Let’s suppose we want to benchmark the IPv4 route lookup function, fib_lookup(). The following kernel function executes 1,000 lookups for 8.8.8.8 and returns the average value.1 It uses the get_cycles() function to compute the execution “time.”

/* Execute a benchmark on fib_lookup() and put
   result into the provided buffer `buf`. */
static int do_bench(char *buf)
{
    unsigned long long t1, t2;
    unsigned long long total = 0;
    unsigned long i;
    unsigned count = 1000;
    int err = 0;
    struct fib_result res;
    struct flowi4 fl4;

    memset(&fl4, 0, sizeof(fl4));
    fl4.daddr = in_aton("8.8.8.8");

    for (i = 0; i < count; i++) {
        t1 = get_cycles();
        err |= fib_lookup(&init_net, &fl4, &res, 0);
        t2 = get_cycles();
        total += t2 - t1;
    }
    if (err != 0)
        return scnprintf(buf, PAGE_SIZE, "err=%d msg=\"lookup error\"\n", err);
    return scnprintf(buf, PAGE_SIZE, "avg=%llu\n", total / count);
}

Now, we need to embed this function in a kernel module. The following code registers a sysfs directory containing a pseudo-file run. When a user queries this file, the module runs the benchmark function and returns the result as content.

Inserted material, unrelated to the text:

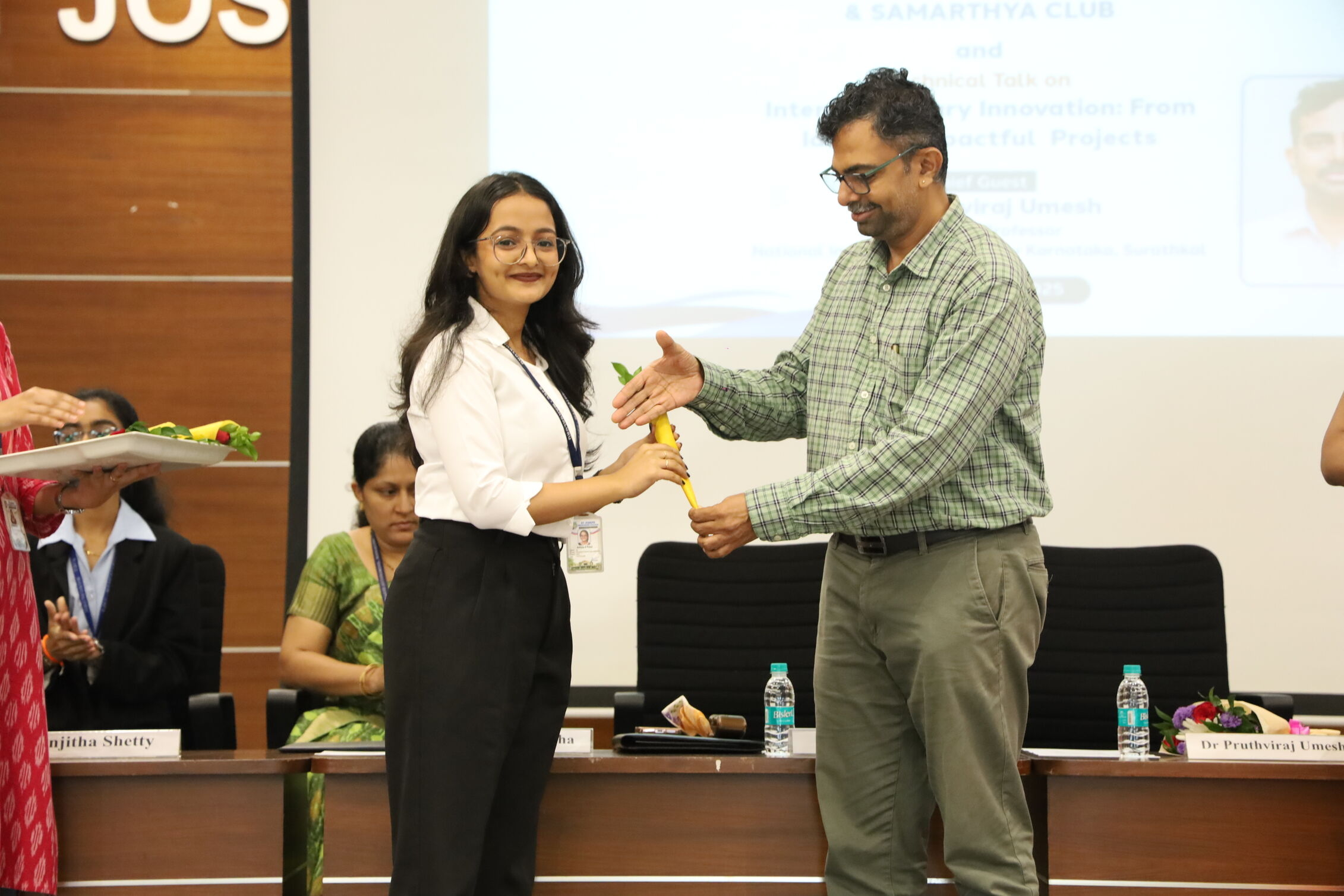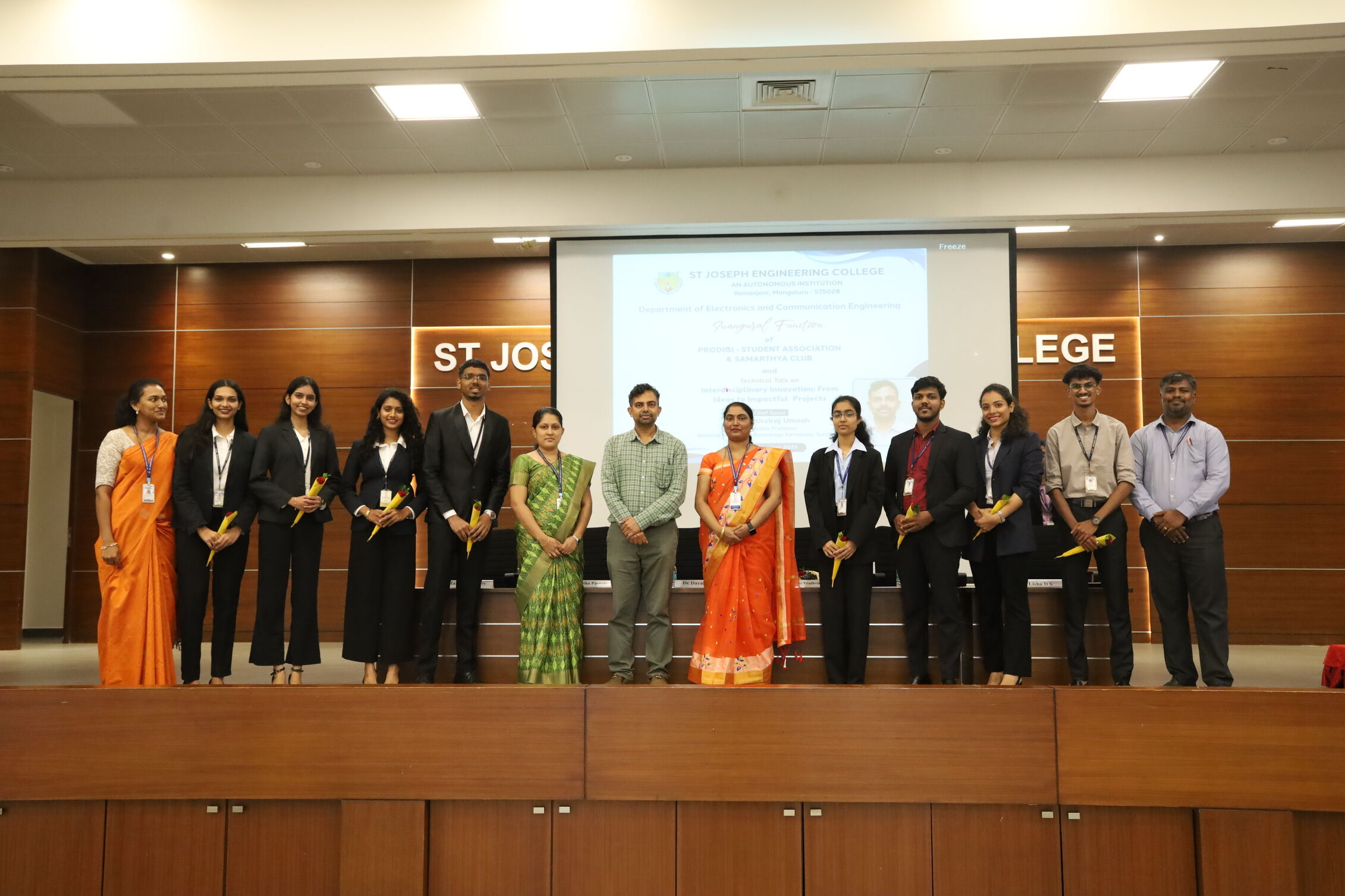 Following the inauguration, Dr Pruthviraj Umesh delivered a technical talk emphasizing the role of interdisciplinary research in creating innovative, real-world solutions. He illustrated how ideas can evolve into impactful, open-source projects and shared several student-led initiatives at NITK related to Water Resource Management. The talk inspired students to explore practical applications of their knowledge and align their academic goals with industry demands. The event was successfully coordinated by Ms Florence Nishmitha, Ms Vinitha Pasanha, Dr Aldrin Claytus Vaz, and Ms Madhavi Gatty, Assistant Professors in the Department of ECE.

#define pr_fmt(fmt) "kbench: " fmt

#include <linux/kernel.h>
#include <linux/version.h>
#include <linux/module.h>
#include <linux/inet.h>
#include <linux/timex.h>
#include <net/ip_fib.h>

/* When a user fetches the content of the "run" file, execute the
   benchmark function. */
static ssize_t run_show(struct kobject *kobj,
                        struct kobj_attribute *attr,
                        char *buf)
{
    return do_bench(buf);
}

static struct kobj_attribute run_attr = __ATTR_RO(run);
static struct attribute *bench_attributes[] = {
    &run_attr.attr,
    NULL
};
static struct attribute_group bench_attr_group = {
    .attrs = bench_attributes,
};
static struct kobject *bench_kobj;

int init_module(void)
{
    int rc;
    /* ❶ Create a simple kobject named "kbench" in /sys/kernel. */
    bench_kobj = kobject_create_and_add("kbench", kernel_kobj);
    if (!bench_kobj)
        return -ENOMEM;

    /* ❷ Create the files associated with this kobject. */
    rc = sysfs_create_group(bench_kobj, &bench_attr_group);
    if (rc) {
        kobject_put(bench_kobj);
        return rc;
    }

    return 0;
}

void cleanup_module(void)
{
    kobject_put(bench_kobj);
}

/* Metadata about this module */
MODULE_LICENSE("GPL");
MODULE_DESCRIPTION("Microbenchmark for fib_lookup()");

In ❶, kobject_create_and_add() creates a new kobject named kbench. A kobject is the abstraction behind the sysfs filesystem. This new kobject is visible as the /sys/kernel/kbench/ directory.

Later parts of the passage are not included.